February 24, 2015 / 5:08 PM / 2 years ago

Catholic head says will press government on 'shocking' poverty levels

A homeless man has a nap after chaining his bicycle loaded with his posessions to a post on Pall Mall in London October 23, 2013.Toby Melville

LONDON (Reuters) - The head of the Roman Catholic Church in England rejected calls from lawmakers to stay out of politics, saying on Tuesday he would keep up the pressure on government to tackle "shocking" levels of poverty ahead of a general election.

In a news conference to set out the Church's priorities ahead of the May 7 vote, Cardinal Vincent Nichols said he recognized and welcomed the efforts the coalition government had made to help the poor but that more needed to be done.

"It is shocking that in a society as rich as ours there are people, even people in employment, who are dependent on food banks and handouts," he said.

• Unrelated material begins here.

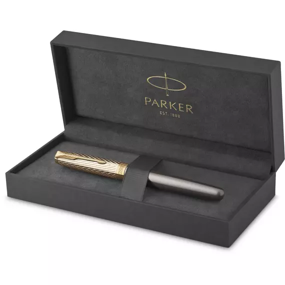 Ручка роллер Parker Sonnet Pioneers T542 Arrow Grey GT F черная, подарочная коробка [2201040]
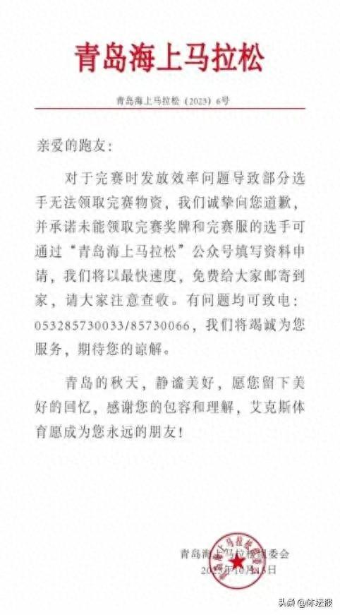 對此,賽事組委會發文致歉,表示“對於完賽時發放效率問題導致部分選手無法領取完賽物資,我們誠摯向您道歉”,並承諾未能領取完賽獎牌和完賽服的選手可通過“青島海上馬拉松”公衆號填寫資料申請。

Nichols, Archbishop of Westminster and the most senior Catholic in England and Wales, was speaking a week after the Church of England made a rare foray into politics by warning that British democracy was failing and the immigration debate turning racist.

That intervention riled several politicians who said the Church should stay out of politics. Nichols however said he simply could not accept that argument and that the church could bring a deeper level of understanding to the debate.

"My job is to keep putting forward the actual reality on the ground in many difficult circumstances," he said. "That is a contribution that our public life and our political life really needs."

The election, expected to be one of the tightest in decades, will be held on May 7. Two of the biggest issues are how the next government should tackle Britain's sizeable budget deficit, including cuts to welfare spending, and immigration.

Nichols also called on politicians to engage more people by raising the level of debate ahead of the election.

In a letter to Catholic voters, the Church also said its followers should consider their candidates' stance on issues including abortion, assisted suicide and other life issues before making their decision.